Tag Archive | "reorganization"

Blockbuster Plans To Reorganize

Blockbuster logo
After filing for bankruptcy protection on Thursday, Blockbuster obtained approval on Friday to take a $20 million draw to allow it to reorganize its operations. It also obtained permission to continue paying employees and honoring customer reward programs.

In its Chapter 11 filings the company stated that a group of its bondholders had approved its proposed reorganization plans.  Under those plans, only senior bondholders will receive any recovery of their investment. They will get to swap debt for equity in the new organization. Stockholders and subordinated debtholders will see no return on their investments.

Stephen Karotkin, a lawyer for Blockbuster, said that with senior bondholder support, the company expects to be able to restructure and “ensure its long-term viability.”

Since 2001 Blockbuster has suffered more that $4 billion in losses and has closed hundreds of its retail stores. In early July, 2010, it was delisted from the New York Stock Exchange. In its Chapter 11 filing it listed assets worth $1.02 billion and debt of $1.46 billion.

However, Blockbuster is planning to focus on online rentals during its reorganization. Given that plan and the fact that Carl Icahn’s company, Icahn Capital LP, is a senior creditor, there is some hope that its restructuring might actually work. Icahn will hold about 1/3 of the bankruptcy bonds issued by the company.
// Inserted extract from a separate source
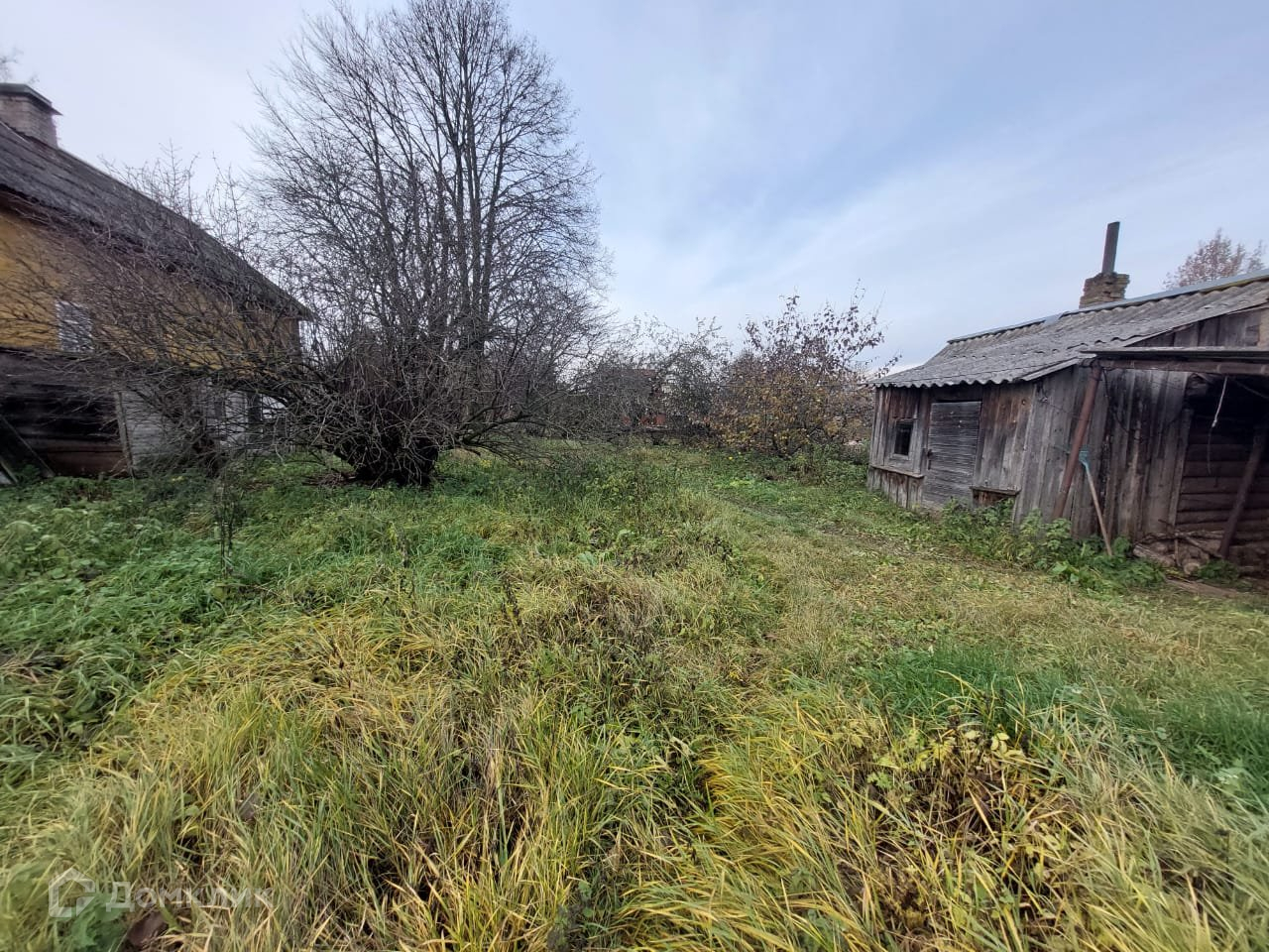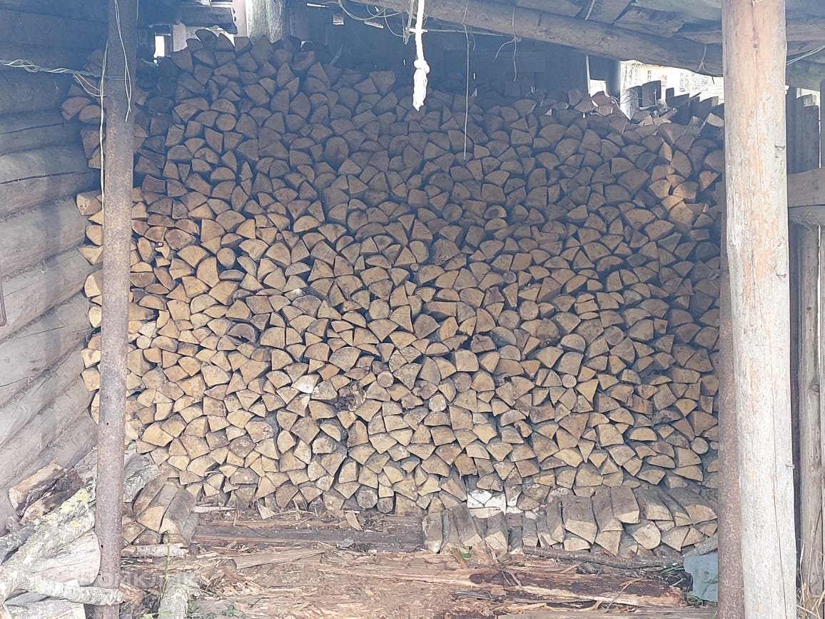 На участке построена банька из бревна с дровенником.

Consequently, according to details of the loan approval, Icahn Capital LP will have a significant say in how the new company will be run. It will have the authority to choose two directors of its liking and, with the approval of Monarch Alternative Capital LP and other noteholders, it will get to select a third director as well.

Carl Icahn has been a long time investor in Blockbuster and has fought for several years to gain control of the board. This restructuring should give Icahn the chance he’s been waiting for to make some changes.